In July 2008, the Estate filed a resident Inheritance Tax Return that did not report any Class “A” beneficiary, i.e., a spouse or civil partner. Id. at *14-15. In February 2009, the Estate filed a resident Estate tax return that included a claim for a “refund of some or all of the inheritance and estate taxes paid” to Dabich. Id. at *15. In February and March 2010, the Estate amended its state returns, seeking a deduction for the $9.9 million paid to Dabich as a Class “A” transferee. Id. at *16.
In April 2011, the Division of Taxation issued a Notice of Assessment that denied the $9.9 million deduction. Id. The Estate filed a timely administrative protest in July 2011. The Division of Taxation issued a final determination, reiterating that there was no allowable deduction for the $9.9 million paid to Dabich. Id. at *18. The Division of Taxation found “that there was no evidence of a common-law marriage other than ‘circumstantial evidence,’ and that the IRS’ determination that Dabich was a common-law spouse was similarly not adequately supported.” Id. The Estate then filed the current complaint. Id. at *19.

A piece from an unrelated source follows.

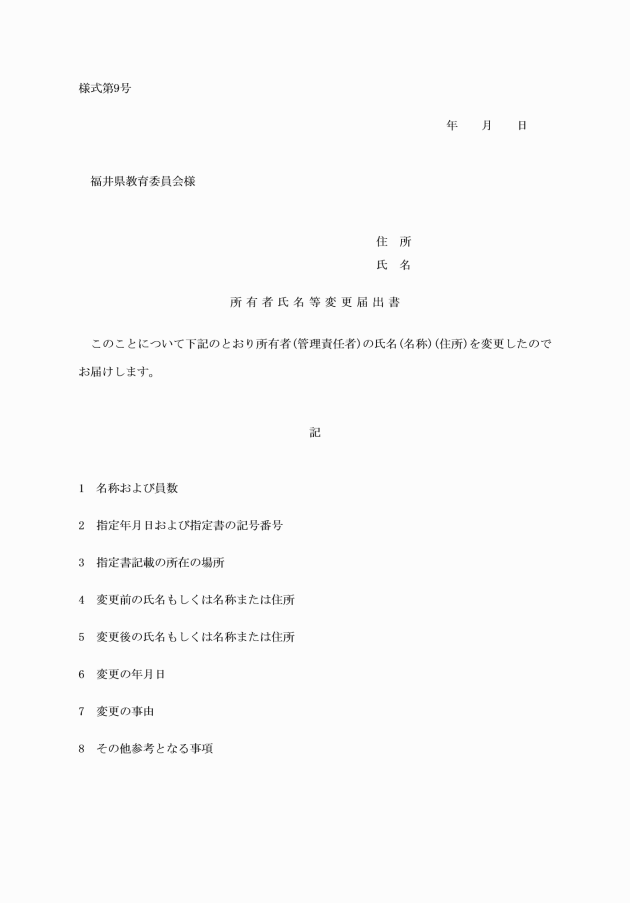 (2) 福井県教育委員会の文字(所有者または管理団体の氏名もしくは名称をあわせて表示することができる。)

The Estate moved for partial summary judgment, contending that “the New Jersey estate tax is dependent upon the federally calculated and allowed State death tax credit, therefore, [the Division of Taxation] is bound by the federal estate tax determinations of, and by, the Internal Revenue Service (“IRS”).” Id. at *1. The Division of Taxation cross-moved for partial summary judgment, arguing that “since the decedent was not married, and since New Jersey does not recognize common-law marriages, Taxation is not bound by the federally allowed marital deduction in computing the New Jersey estate tax.” Id. at *1-2.

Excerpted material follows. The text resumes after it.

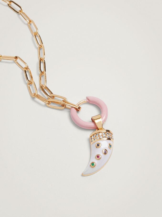 El mismo precio que la tobillera anterior tiene también este otro producto de Parfois, que no es otra cosa que un fino colgante cuya composición está formada por 60% latón, 20% circonio y 20% esmalte. La forma de cuerno de su colgante resalta bastante, y podría considerarse un buen complemento de la tobillera con la que abrimos el artículo.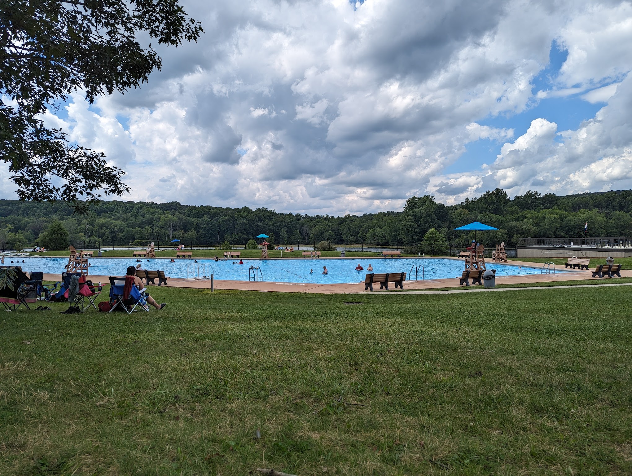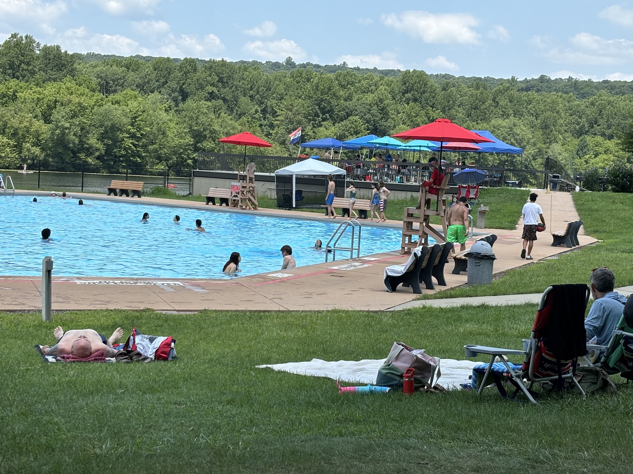 Spacious lawn area surrounding pool. Two private pavilion sections. The food stand is affordable. Love the kid section of the pool. Great for the littles

The Tax Court held that although the de-coupled New Jersey estate tax is still computed with reference to the federal credit for state death taxes effective as of Dec. 31, 2001, the Division of Taxation is not barred from examining federally allowed estate tax deductions to ensure the same are in accord with the federal law as of that date. Id. at *33-34. Since the amount of the federal state death tax credit is impacted by the amount of the federally allowed marital deduction; the marital deduction is only allowed to a “spouse”; and determination of a “spouse” is controlled only by state law, the Division of Taxation is not automatically bound by the Internal Revenue Service’s (IRS) determination that a New Jersey resident decedent had a common-law marriage with another person who was paid by the decedent’s estate in settlement of probate litigation.
The Tax Court recognized that the Division of Taxation would be bound by an IRS’s determination if it was based on a court’s finding or recognition, on the merits, of a common-law marriage status, or on the IRS’s analysis or application of state law. However, because the finding that there was a common-law marriage between decedent and Dabich was the result of a settlement agreement, neither of these two elements was present. Id. at *45-46. Therefore, the Division of Taxation’s disallowance of the federally allowed marital deduction is proper. Id. at *43.
Further, the Tax Court found that the Division of Taxation improperly disallowed a portion of the executors’ commission expenses by relying on the Inheritance Tax regulations. Therefore, Plaintiff’s motion for partial summary judgment is denied in part, and defendant’s cross-motion for partial summary judgment is granted in part.